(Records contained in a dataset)
======

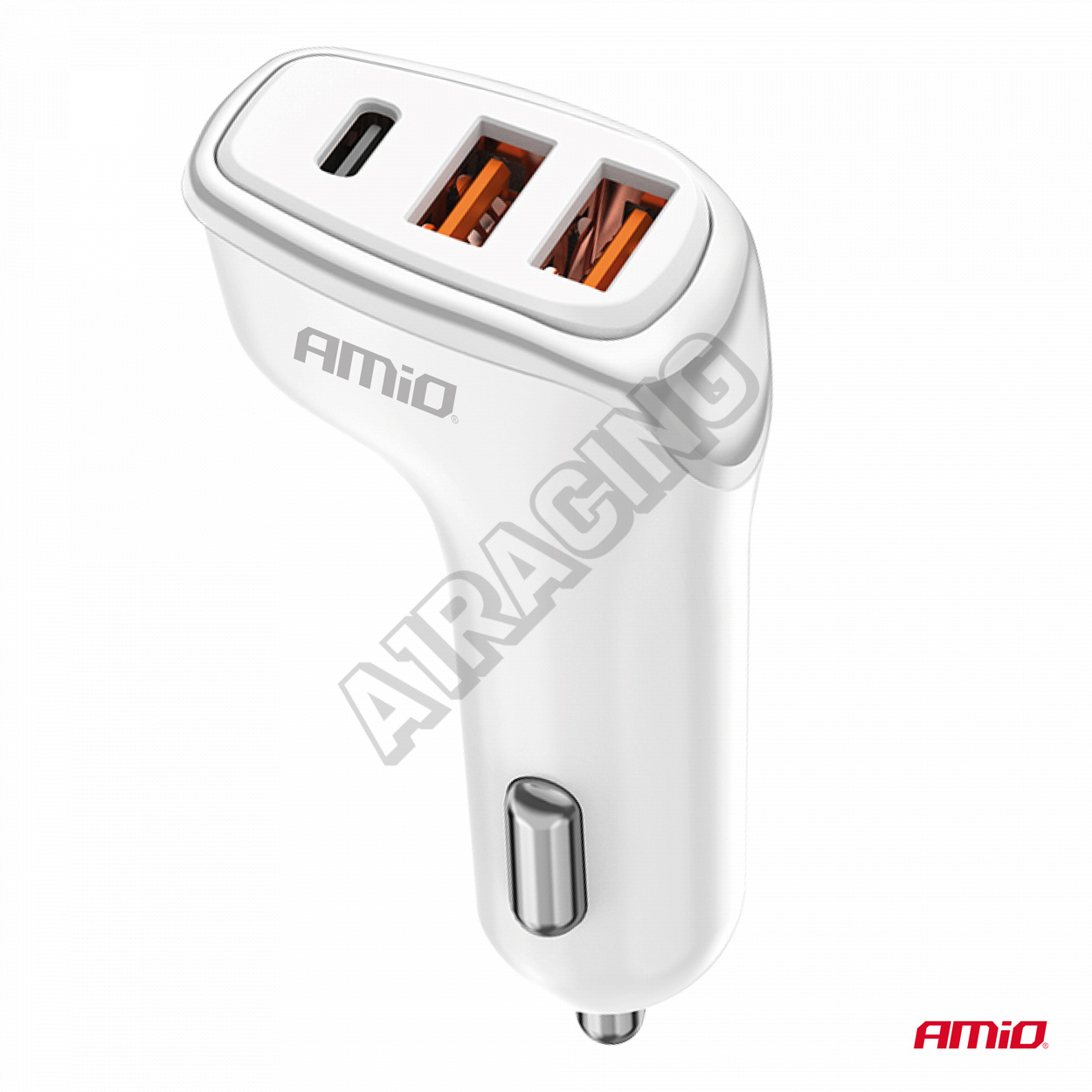 Autonabíječka 2x USB-C + USB-A 12V 24V 95W AMIO-04372
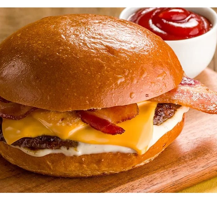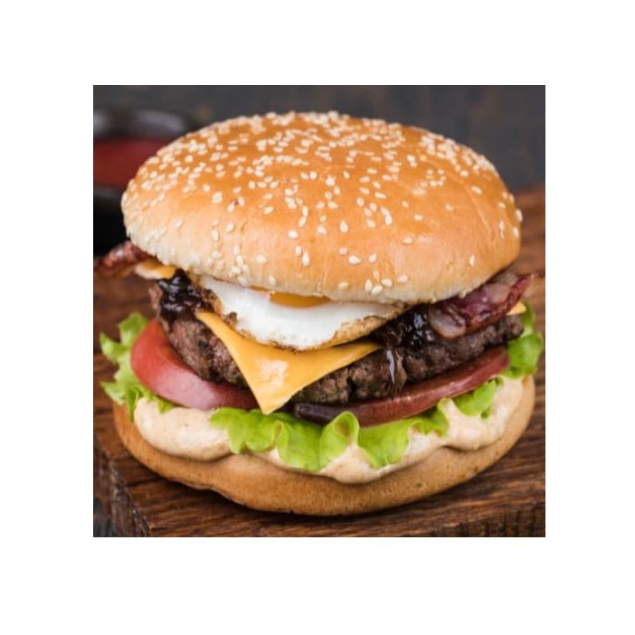 Pão para hambúrguer+ hambúrguer + queijo + ovo +bacon
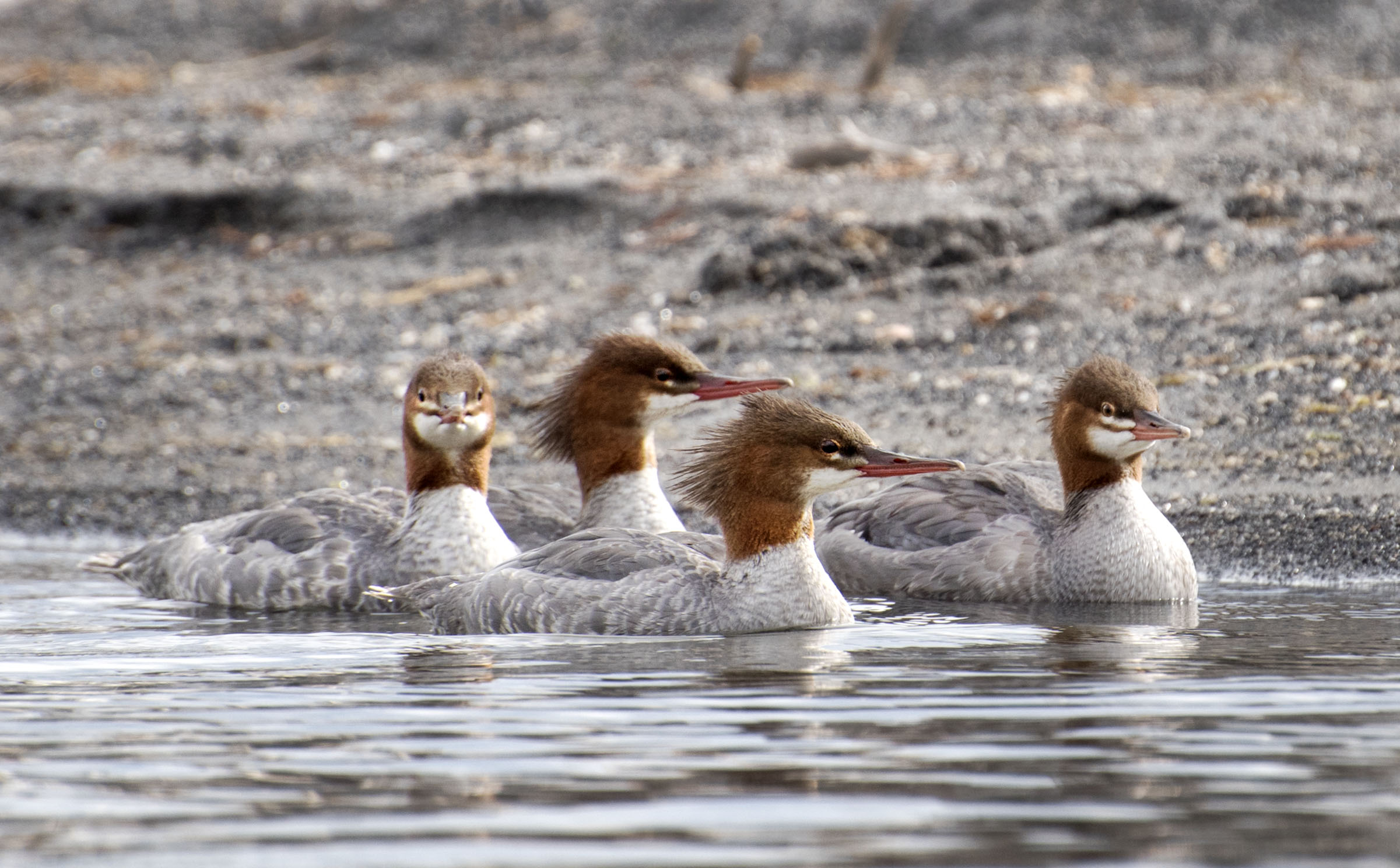 It seems like no matter how quietly I try to kayak by and photograph Mergansers there is always one who seem to catch on to the action. Two different groups on two different days same result.
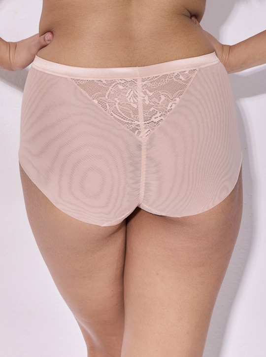 Состав: полиамид 70%, полиэстер 15%, эластан 10%, хлопок 5% Трусики классические с высокой талией из коллекции Chiara выполнены в телесном цвете из кружевного полотна и сетки, спинка из сетки, сложенной вдвое, с V-образной вставкой кружева. Ластовица проложена 100% хлопком. Комментарии к товару
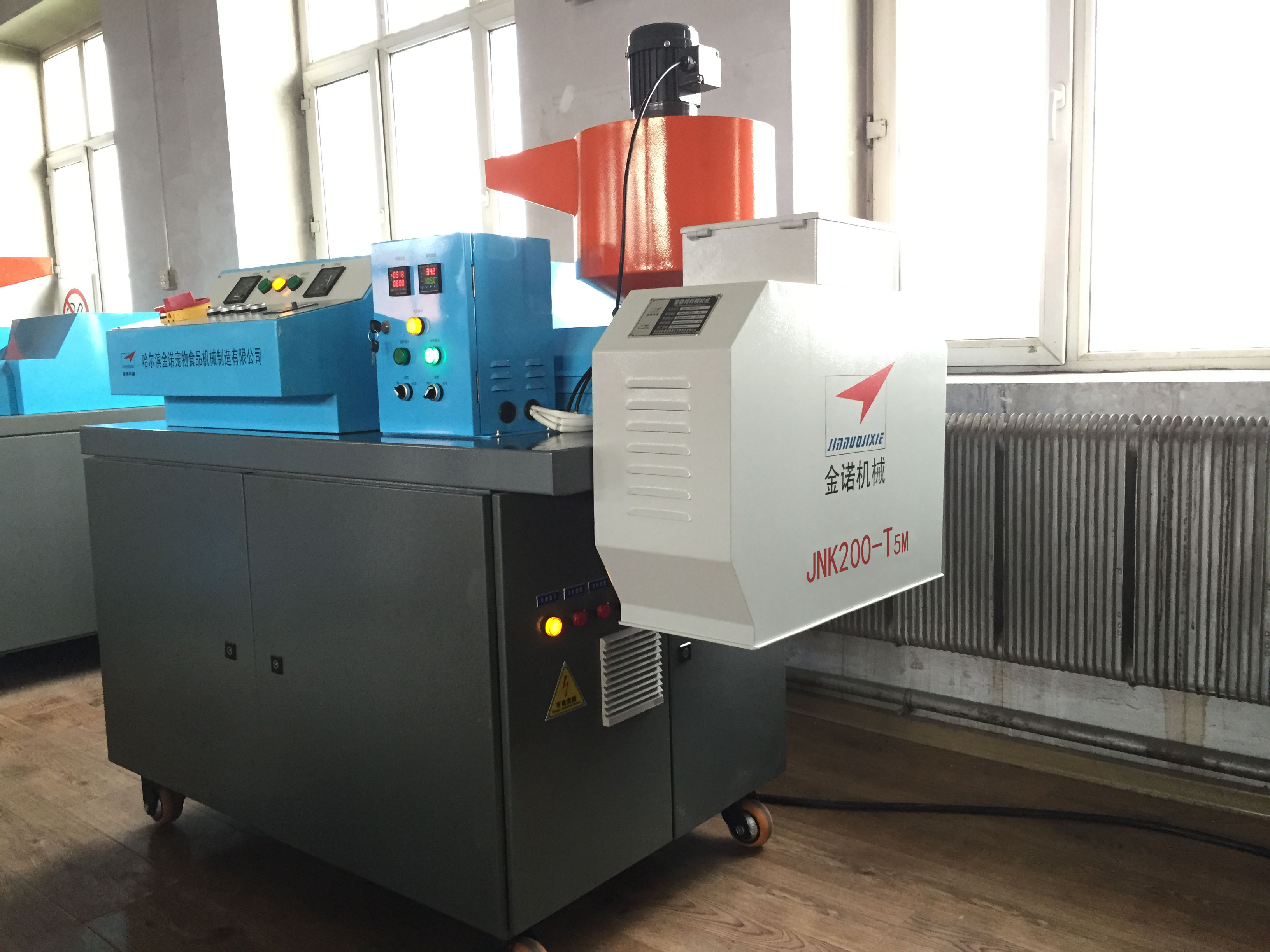 狗糧加工設(shè)備JNK200-T5M:1。JNK200-T5M型狗糧加工設(shè)備安裝方便、出廠已經(jīng)試機(jī),狗糧機(jī)切刀采用直角切刀技術(shù),調(diào)試簡單;2。狗糧設(shè)備的主軸和切刀小軸均可隨時注入耐高溫潤滑脂,延長狗糧機(jī)的軸承使用壽命;3。JNK200-T5M狗糧設(shè)備每小時生產(chǎn)狗糧顆粒200公斤。
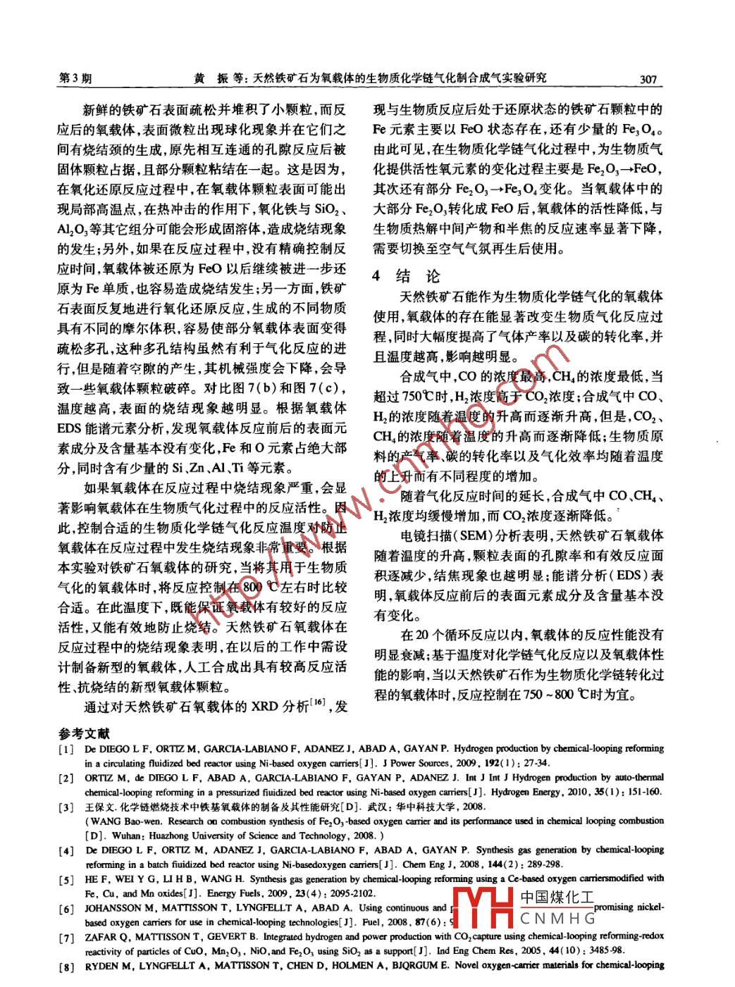 天然鐵礦石為氧載體的生物質(zhì)化學(xué)鏈氣化制合成氣實(shí)驗(yàn)研究
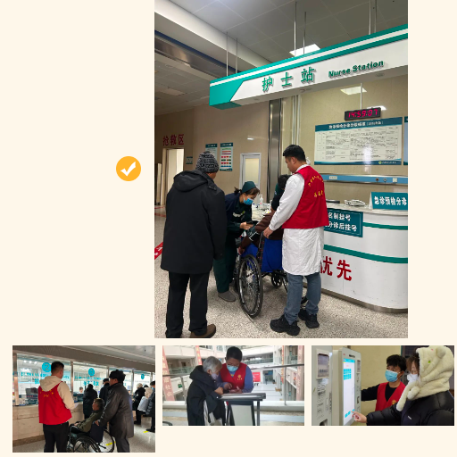 在日常工作中,医院门急诊安排志愿者进行志愿服务,为就诊群众使用自助设备预约挂号、缴费、检查报到、检验结果查询等提供帮助。开展免费陪诊志愿服务,做独自就诊的高龄老年人、特殊人群的“临时家人”,确保顺利就医,提供更满意、舒心的就诊体验,充分发挥社会志愿者、行政志愿者们的重要作用。
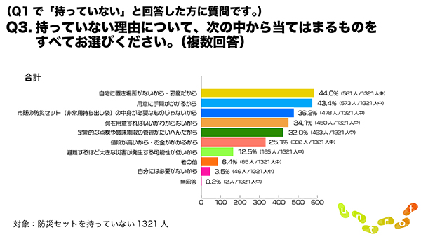 全体では「自宅に置き場所がないから・邪魔だから」(44.0%)との回答が最も多く、次いで「用意に手間がかかるから」(43.4%)、「市販の防災セットの中身が必要な物じゃないから」(36.2%)となった。
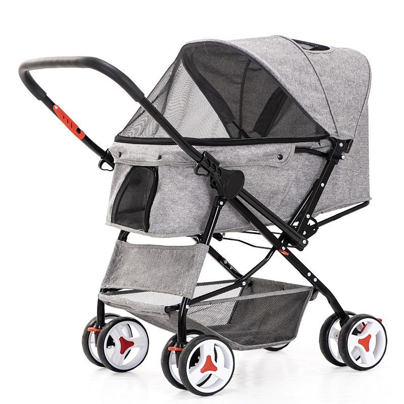Home > Four Wheel Folding Pet Stroller, Dog Jogger Travel Cats Carrier Adjustable Canopy Storage Brake Mesh Window
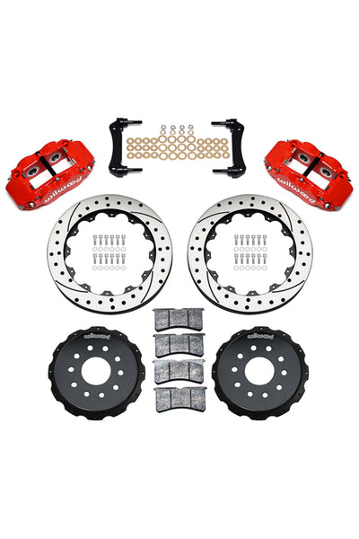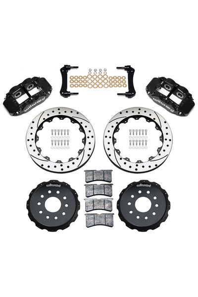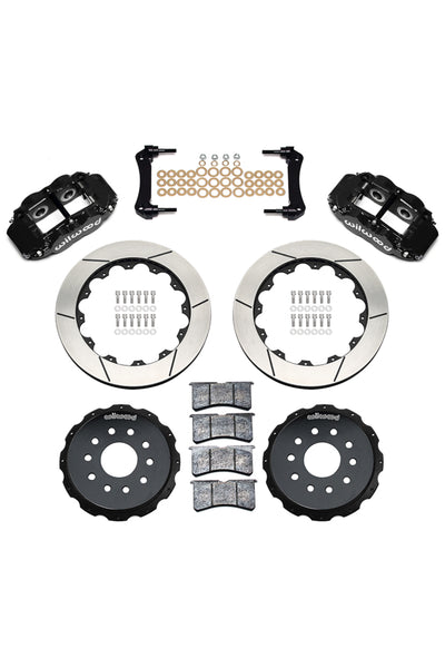 Forged Narrow Superlite 4R four piston calipers are combined with BP-10 compound pads and 13”-14” rotors in this group of big brake kits for custom high performance street and show machines. This group of specialized kits for cars, trucks, and SUV’s retain full use of the OE parking brake, master cylinder output, and ABS where used. FNSL4R rear kits provide complimentary style and performance with 13” and larger front brake upgrades in conjunction with wheel, tire, and suspension upgrades. Optional caliper finishes and rotor designs enable the builder to match style and performance on all applications.
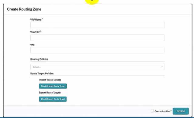 To create a new routing zone, you must specify the VRF Name, VLAN ID, and VNI for the routing zone.
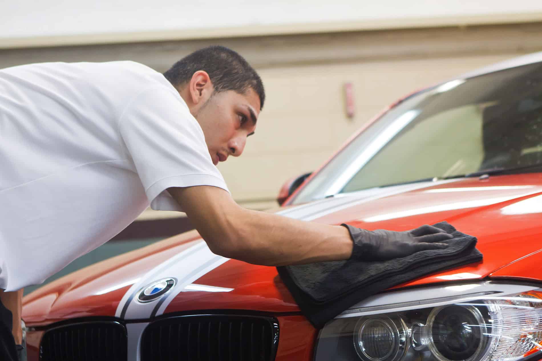 It’s hard to get a good look at the quality of the paint when the car’s dirty. So after washing the exterior it’s important to inspect the paint. This will allow you to determine what kind of detail you need. What we are looking for is the amount and depth of swirls and scratches, stains, and any other imperfections. At the same time we also look at the vinyl to look for chips and stains.

======

**TASK ITEM:** Each record must be set down again without alteration, and no picture may be carried over.

**EXERCISE OUTPUT:**
 Autonabíječka 2x USB-C + USB-A 12V 24V 95W AMIO-04372
 Pão para hambúrguer+ hambúrguer + queijo + ovo +bacon
 It seems like no matter how quietly I try to kayak by and photograph Mergansers there is always one who seem to catch on to the action. Two different groups on two different days same result.
 Состав: полиамид 70%, полиэстер 15%, эластан 10%, хлопок 5% Трусики классические с высокой талией из коллекции Chiara выполнены в телесном цвете из кружевного полотна и сетки, спинка из сетки, сложенной вдвое, с V-образной вставкой кружева. Ластовица проложена 100% хлопком. Комментарии к товару
 狗糧加工設(shè)備JNK200-T5M:1。JNK200-T5M型狗糧加工設(shè)備安裝方便、出廠已經(jīng)試機(jī),狗糧機(jī)切刀采用直角切刀技術(shù),調(diào)試簡單;2。狗糧設(shè)備的主軸和切刀小軸均可隨時注入耐高溫潤滑脂,延長狗糧機(jī)的軸承使用壽命;3。JNK200-T5M狗糧設(shè)備每小時生產(chǎn)狗糧顆粒200公斤。
 天然鐵礦石為氧載體的生物質(zhì)化學(xué)鏈氣化制合成氣實(shí)驗(yàn)研究
 在日常工作中,医院门急诊安排志愿者进行志愿服务,为就诊群众使用自助设备预约挂号、缴费、检查报到、检验结果查询等提供帮助。开展免费陪诊志愿服务,做独自就诊的高龄老年人、特殊人群的“临时家人”,确保顺利就医,提供更满意、舒心的就诊体验,充分发挥社会志愿者、行政志愿者们的重要作用。
 全体では「自宅に置き場所がないから・邪魔だから」(44.0%)との回答が最も多く、次いで「用意に手間がかかるから」(43.4%)、「市販の防災セットの中身が必要な物じゃないから」(36.2%)となった。
Home > Four Wheel Folding Pet Stroller, Dog Jogger Travel Cats Carrier Adjustable Canopy Storage Brake Mesh Window
 Forged Narrow Superlite 4R four piston calipers are combined with BP-10 compound pads and 13”-14” rotors in this group of big brake kits for custom high performance street and show machines. This group of specialized kits for cars, trucks, and SUV’s retain full use of the OE parking brake, master cylinder output, and ABS where used. FNSL4R rear kits provide complimentary style and performance with 13” and larger front brake upgrades in conjunction with wheel, tire, and suspension upgrades. Optional caliper finishes and rotor designs enable the builder to match style and performance on all applications.
 To create a new routing zone, you must specify the VRF Name, VLAN ID, and VNI for the routing zone.
 It’s hard to get a good look at the quality of the paint when the car’s dirty. So after washing the exterior it’s important to inspect the paint. This will allow you to determine what kind of detail you need. What we are looking for is the amount and depth of swirls and scratches, stains, and any other imperfections. At the same time we also look at the vinyl to look for chips and stains.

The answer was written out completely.